## The data:
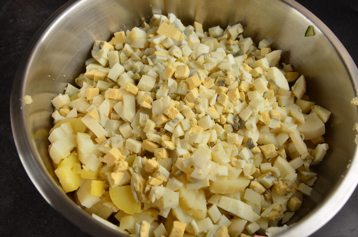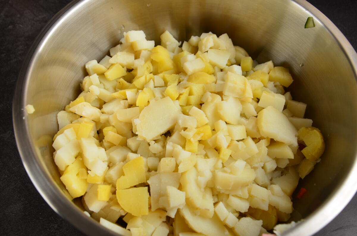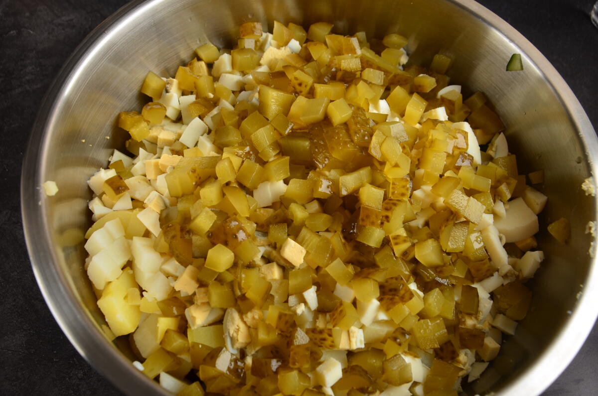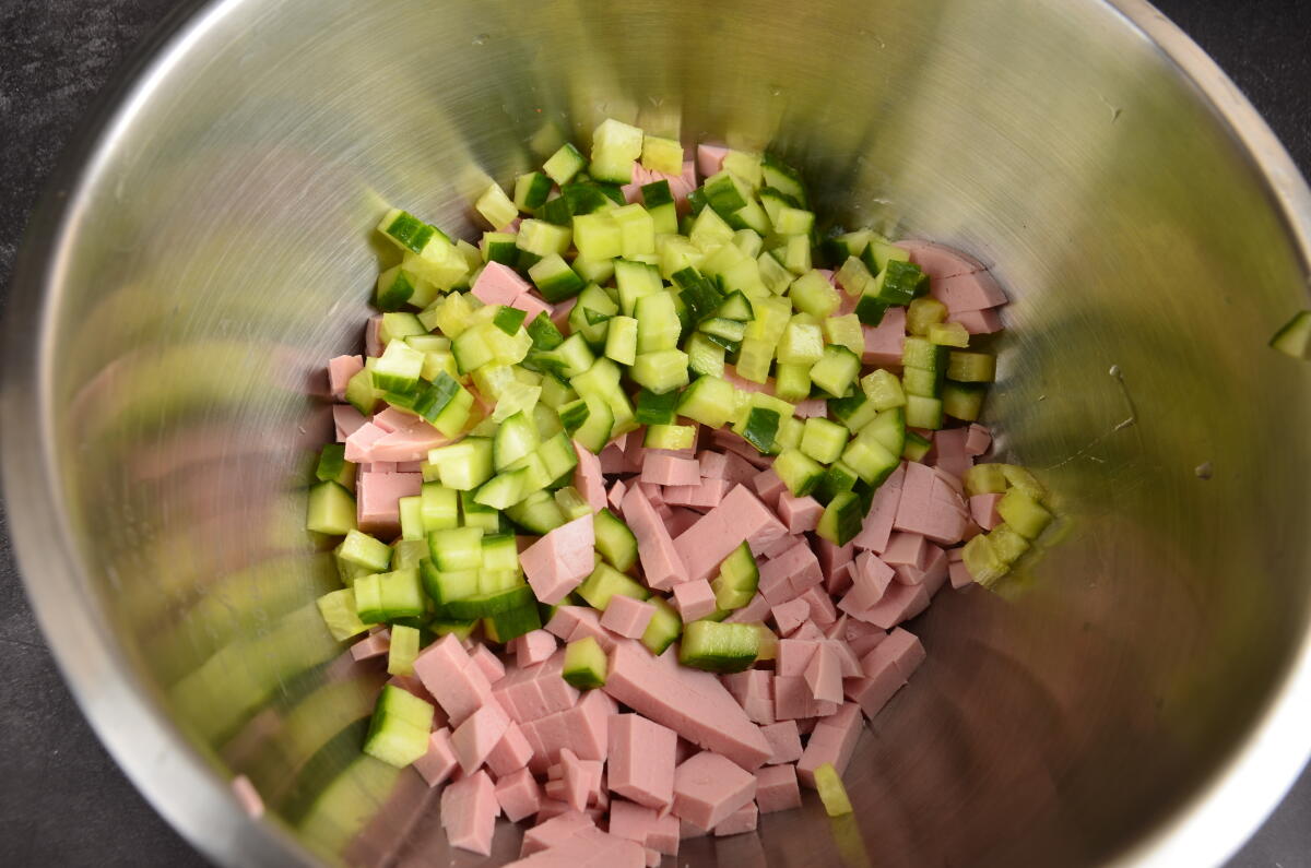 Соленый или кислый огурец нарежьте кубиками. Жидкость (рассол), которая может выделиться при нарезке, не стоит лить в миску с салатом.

...

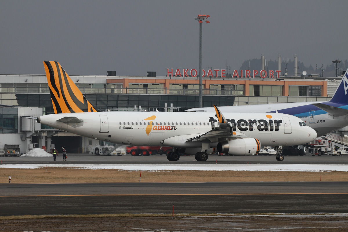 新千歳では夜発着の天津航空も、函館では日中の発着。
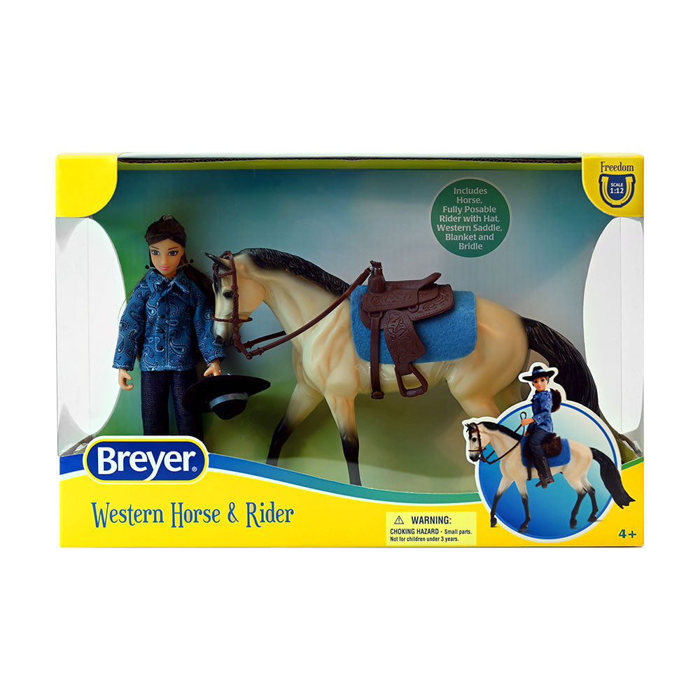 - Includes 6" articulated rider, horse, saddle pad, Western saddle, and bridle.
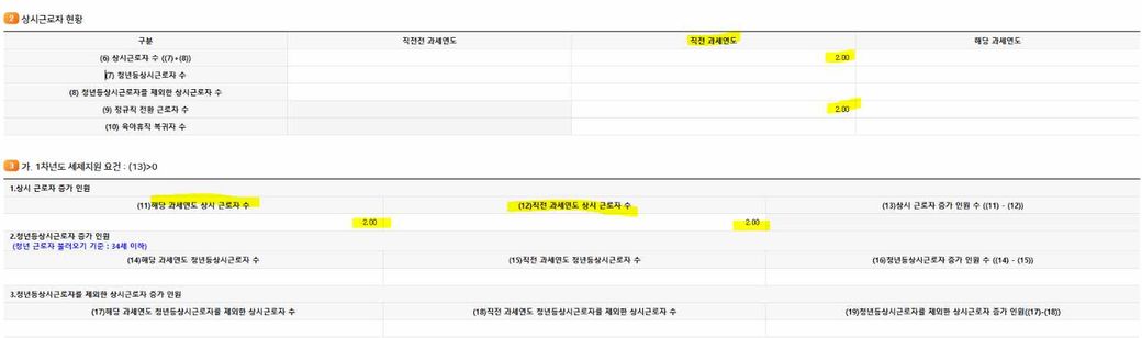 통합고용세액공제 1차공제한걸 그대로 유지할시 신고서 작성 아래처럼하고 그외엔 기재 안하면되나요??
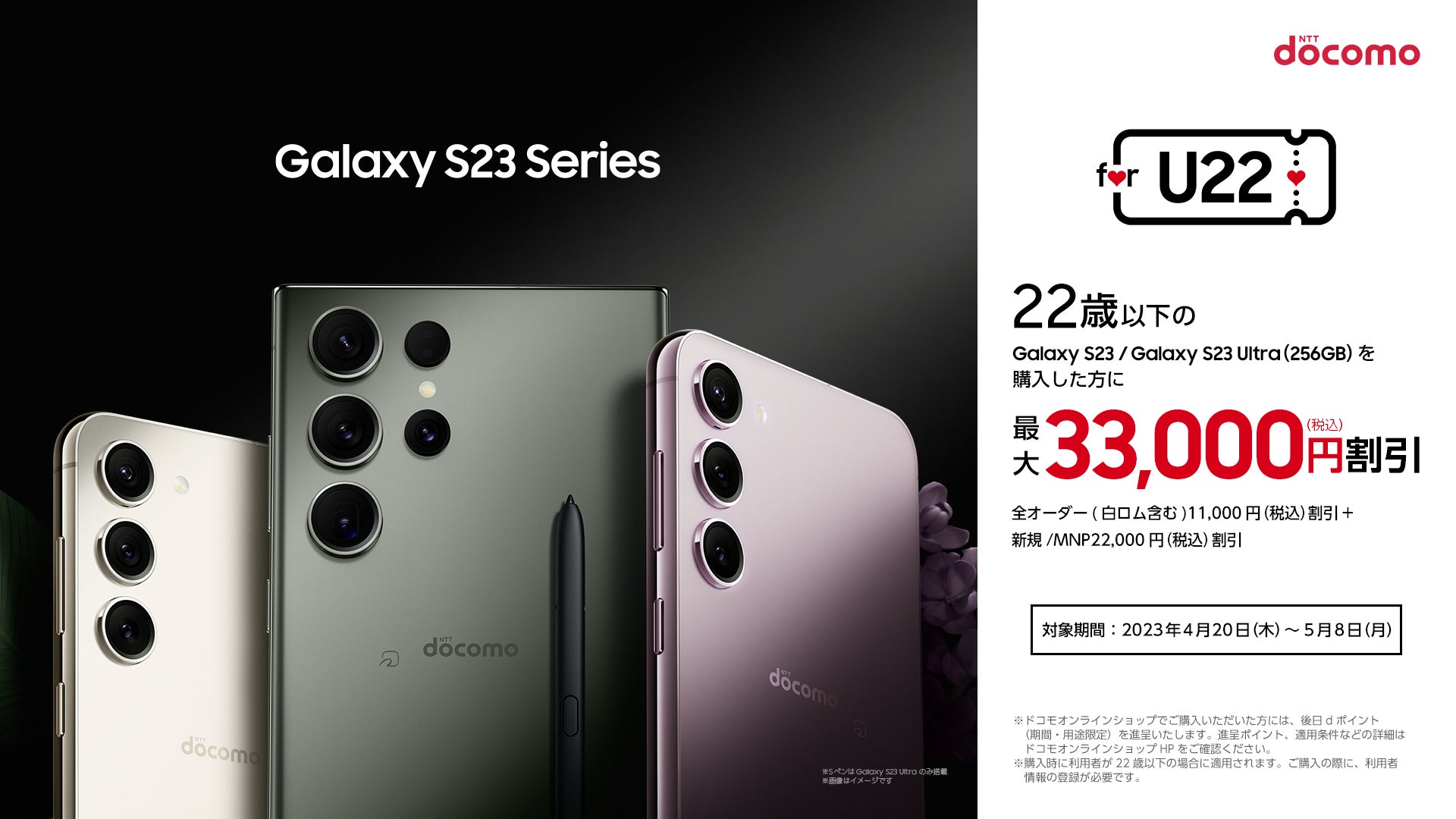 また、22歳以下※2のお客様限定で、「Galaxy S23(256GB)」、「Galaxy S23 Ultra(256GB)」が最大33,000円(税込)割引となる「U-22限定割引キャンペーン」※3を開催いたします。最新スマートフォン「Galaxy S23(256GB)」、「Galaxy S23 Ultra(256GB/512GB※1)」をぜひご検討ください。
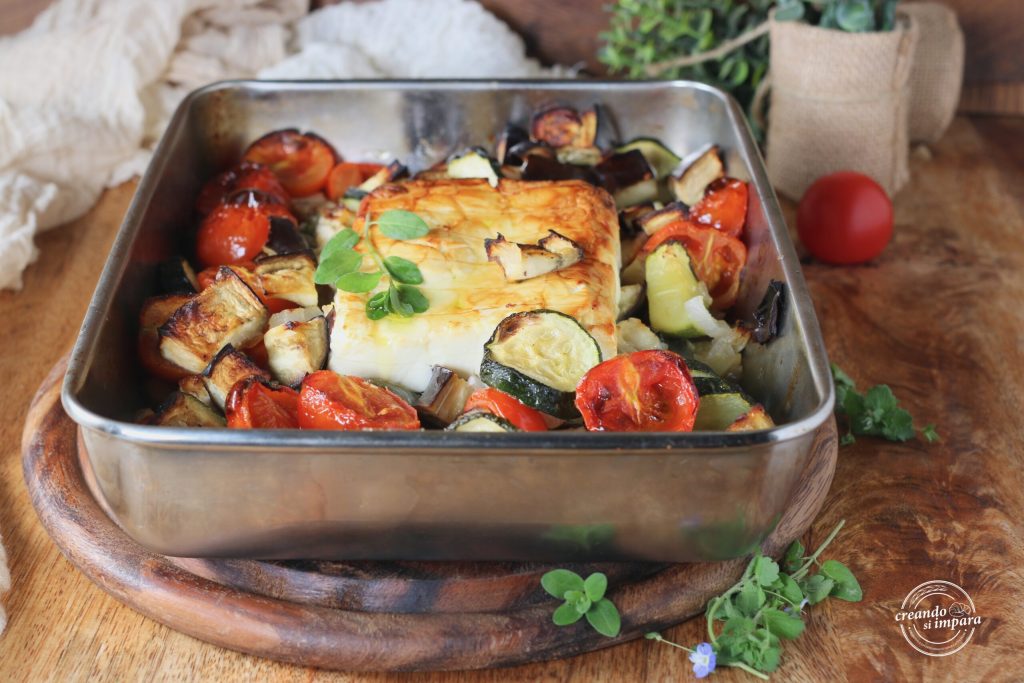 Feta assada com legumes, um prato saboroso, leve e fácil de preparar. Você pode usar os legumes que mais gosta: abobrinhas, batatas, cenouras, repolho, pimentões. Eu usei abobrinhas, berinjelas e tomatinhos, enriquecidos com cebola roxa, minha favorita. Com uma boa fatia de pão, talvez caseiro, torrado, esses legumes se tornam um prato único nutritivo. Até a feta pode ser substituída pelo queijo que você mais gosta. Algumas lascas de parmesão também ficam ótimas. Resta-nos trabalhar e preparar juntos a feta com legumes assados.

## Work required:
Range to copy from the records above: the line containing "통합고용세액공제 1차공제한걸 그대로" to the line containing "また、22歳以下※2のお客様限定で、「Galaxy S23(256GB)」、「Galaxy S23", both included. Output those lines exactly and only those, skipping pictures.

## Task answer:
 통합고용세액공제 1차공제한걸 그대로 유지할시 신고서 작성 아래처럼하고 그외엔 기재 안하면되나요??
 また、22歳以下※2のお客様限定で、「Galaxy S23(256GB)」、「Galaxy S23 Ultra(256GB)」が最大33,000円(税込)割引となる「U-22限定割引キャンペーン」※3を開催いたします。最新スマートフォン「Galaxy S23(256GB)」、「Galaxy S23 Ultra(256GB/512GB※1)」をぜひご検討ください。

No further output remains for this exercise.